I caught my father hurrying from the bathroom, buttoning his shirt with one hand, combing his blond hair with the other, all the while talking into a cell phone tucked between his shoulder and his ear. My father was tall, like my mother and me, and thin, like my mother, unlike me. It was as though two string beans had somehow given birth to a butternut squash. I guess being “stocky,” as the clothing saleswoman so tactfully put it, was an occupational hazard of cooking.

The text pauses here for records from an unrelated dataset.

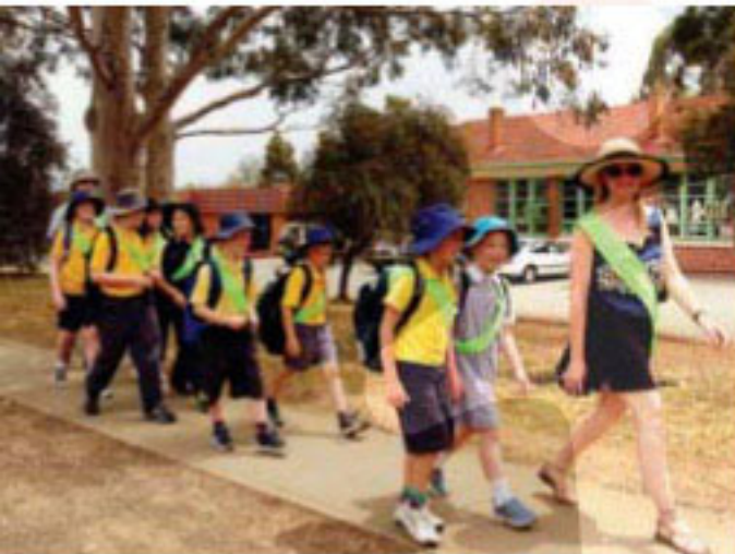
A Walking School Bus in action.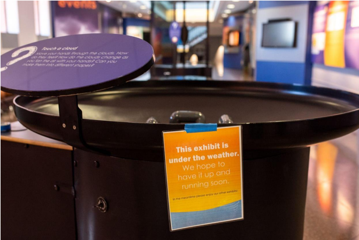
SIGN ON A BROKEN EXHIBIT

Sometimes an exhibit will be broken. When an exhibit is being fixed, we will not be able to use it. It is okay to feel disappointed if something is broken. We can visit a different exhibit!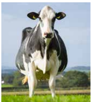
WARNELVIEW FINAL CUT NITA EX97-7E SP LP120 12* g.d. of Lot 44A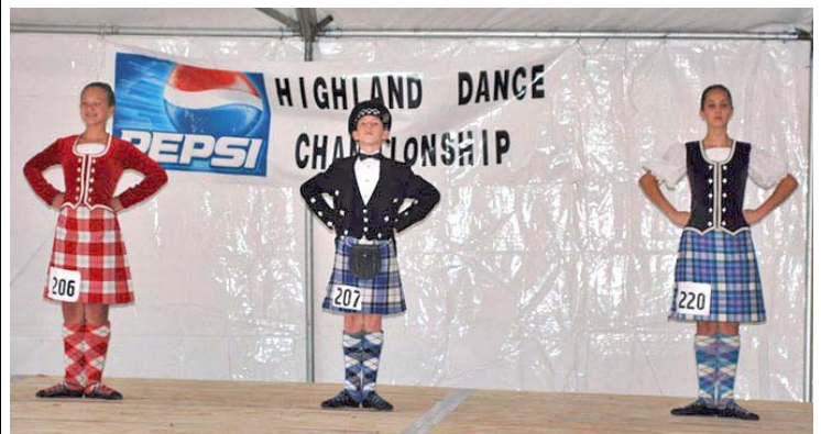
Dance competitions were among the many events entertaining visitors.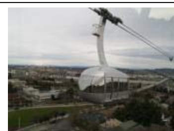
Portland Tram connects OHSU Wellness Center to the hospital complex in the West Hills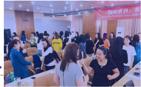
Workshop on Early Childhood Education in China.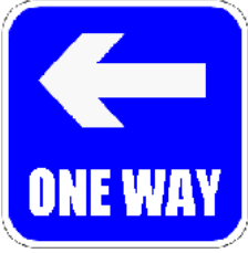
One-way street (One way street begins from this sign)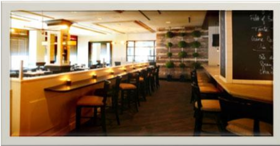
Lounge & Main Dining Room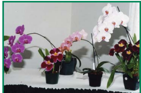
Orchids “Gems of the Rain Forest”

Oregon Coast Music Festival GARDEN CONCERT Featuring SAMBA JA Saturday, July 23 * 12:30 PM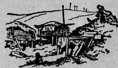
NATIVE HUTS AND CACHE.

Lake Ilamna is the largest body of fresh water in the territory. It requires from two to three days to cross from shore to shore. High mountains, some extinct volcanoes, others only partially smoldering, border on the lake. It has been supposed that Lake Balkal, in Siberia, was the only interior body of fresh water into which seals run up from the sea, but investigation proves that the spotted seal also frequents the waters of Lake Ilamna. Lake Teechak is another large body of fresh water, but its position has not yet been definitely placed upon any Alaskan chart. The natives at Nushegak and upon the Alaska peninsula are docile, and possess similar traits to those of the Eskimo race. Schools are about to be established among them. Although perhaps without much success at the outset, they may eventually be somewhat educated. At present the people want the teachers to pay them to come to school. Many of these natives are members of the Russo-Greek church, a resident priest having dispensed religious comfort to them for a number of years.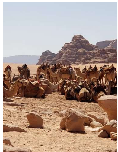
Camels in their natural habitat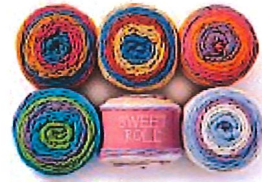
Premier® Yarns Sweet Roll Yarn

“No, you're wrong,” he was saying into the cell phone. “It's 14.2359 percent.”

“Dad!”

He held up a hand for me to wait. “I triple-checked the figures myself,” he said. “If we use 14.235
8
percent, then we might as well start selling gambler's insurance to lottery players.”

My father was the head actuary at an insurance company. That meant he calculated the odds on weird things like, what were the chances that a left-handed Eskimo in a red turtleneck was going to get hit by a yellow 1990 Volkswagen driven by a Norwegian sailor on shore leave?

“Dad!” I tugged on his shirttail. “I've got to talk to you
now
! It's Mom,” I said. “And it's an emergency.”

“Look, Jim, I'll call you later,” he said. “I've got something very important going on here.” He clicked the button and gave me a tired smile. He was probably up most of the night again, suspended between his laptop and his cell phone.